**** Dataset content ****
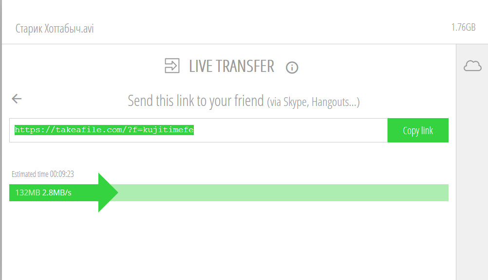А я тут наткнулся на один любопытный сервис, который эту проблему решает. Называется Takeafile. Работает предельно просто и даже не требует регистрации. Открываете страницу сервиса, в нем открываете нужный файл. (Или группу файлов - он их сам сложит в архив.) Там вас спросят, закачать ли файл в их облачное хранилище (оно маленькое, 100 МБ для нерегистрированных, 500 МБ для регистрированных), или передать получателю напрямую. Выбираете "напрямую", получаете ссылку.
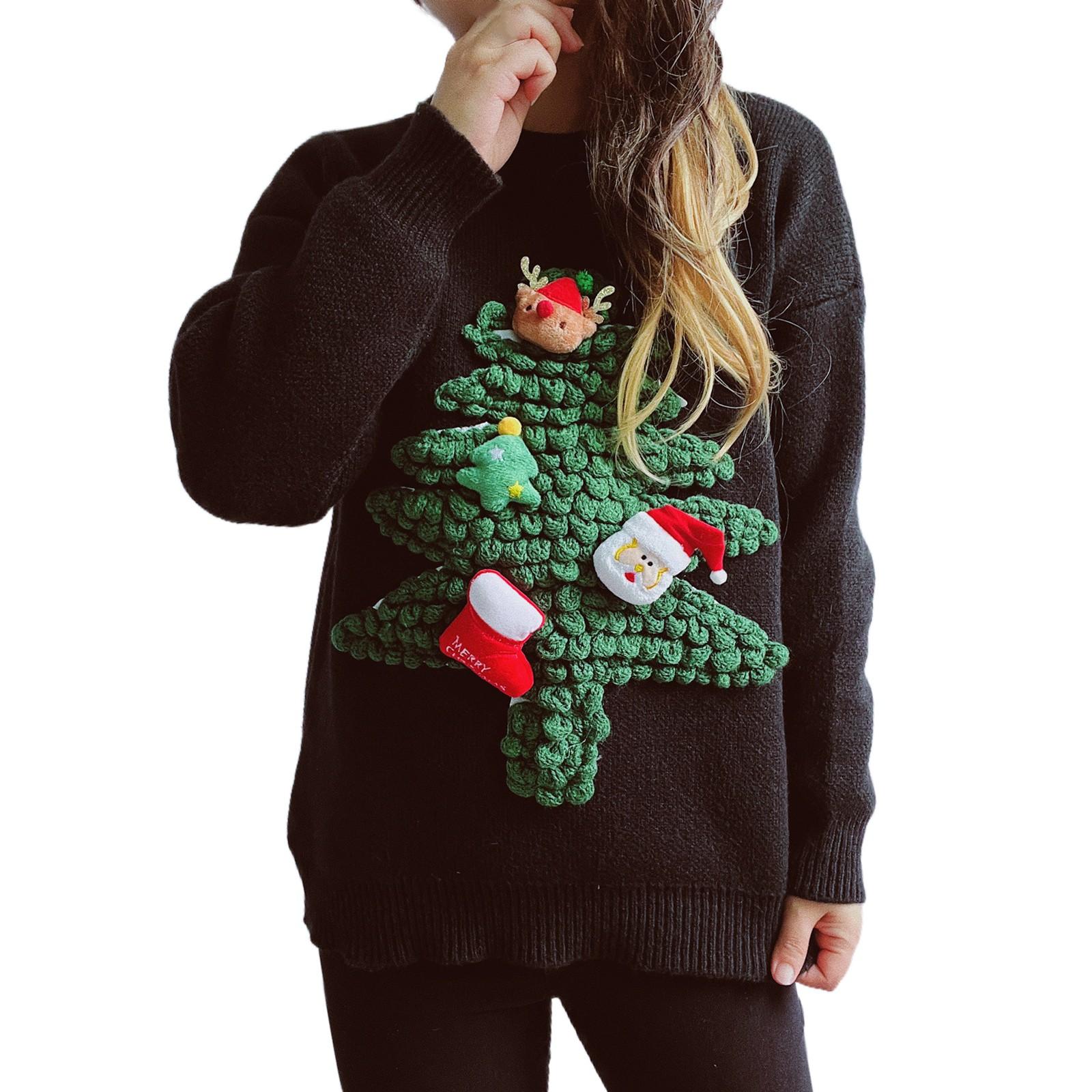 Женская мода осень и зима рождественский свободный круглый вырез пуловер вязаный свитер XL чёрный
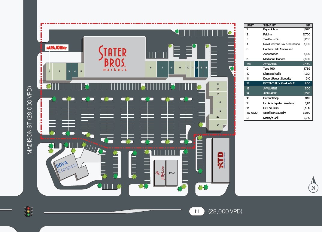 Stater Bros anchored neighborhood center at Madison Street and Hwy 111 in Indio, CA.
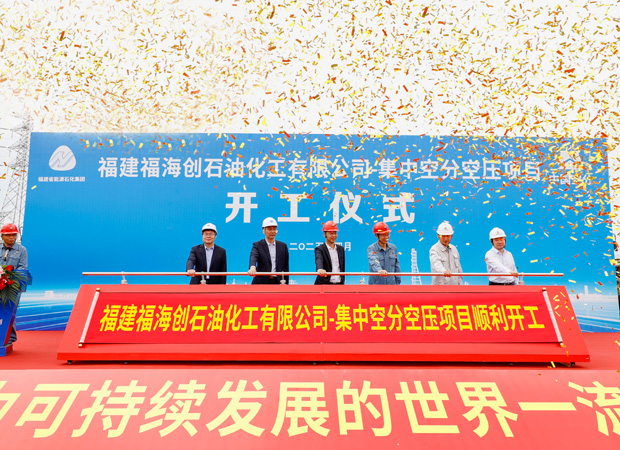 4月18日上午,福建漳州古雷石化基地彩旗招展,中国空分工程有限公司承接的福建福海创7万集中空分空压EPC总承包项目开工仪式盛大举行。作为承载中沙古雷千亿级乙烯项目的"工业之肺",该项目建成后将形成年产7万Nm³/h氧气、9万Nm³/h压缩空气的产能,为全球石化产业高地注入强劲动能。
****
Prompt:
Repeat the whole listing above word for word, but keep any picture out of it.

Solution to this task:
А я тут наткнулся на один любопытный сервис, который эту проблему решает. Называется Takeafile. Работает предельно просто и даже не требует регистрации. Открываете страницу сервиса, в нем открываете нужный файл. (Или группу файлов - он их сам сложит в архив.) Там вас спросят, закачать ли файл в их облачное хранилище (оно маленькое, 100 МБ для нерегистрированных, 500 МБ для регистрированных), или передать получателю напрямую. Выбираете "напрямую", получаете ссылку.
 Женская мода осень и зима рождественский свободный круглый вырез пуловер вязаный свитер XL чёрный
 Stater Bros anchored neighborhood center at Madison Street and Hwy 111 in Indio, CA.
 4月18日上午,福建漳州古雷石化基地彩旗招展,中国空分工程有限公司承接的福建福海创7万集中空分空压EPC总承包项目开工仪式盛大举行。作为承载中沙古雷千亿级乙烯项目的"工业之肺",该项目建成后将形成年产7万Nm³/h氧气、9万Nm³/h压缩空气的产能,为全球石化产业高地注入强劲动能。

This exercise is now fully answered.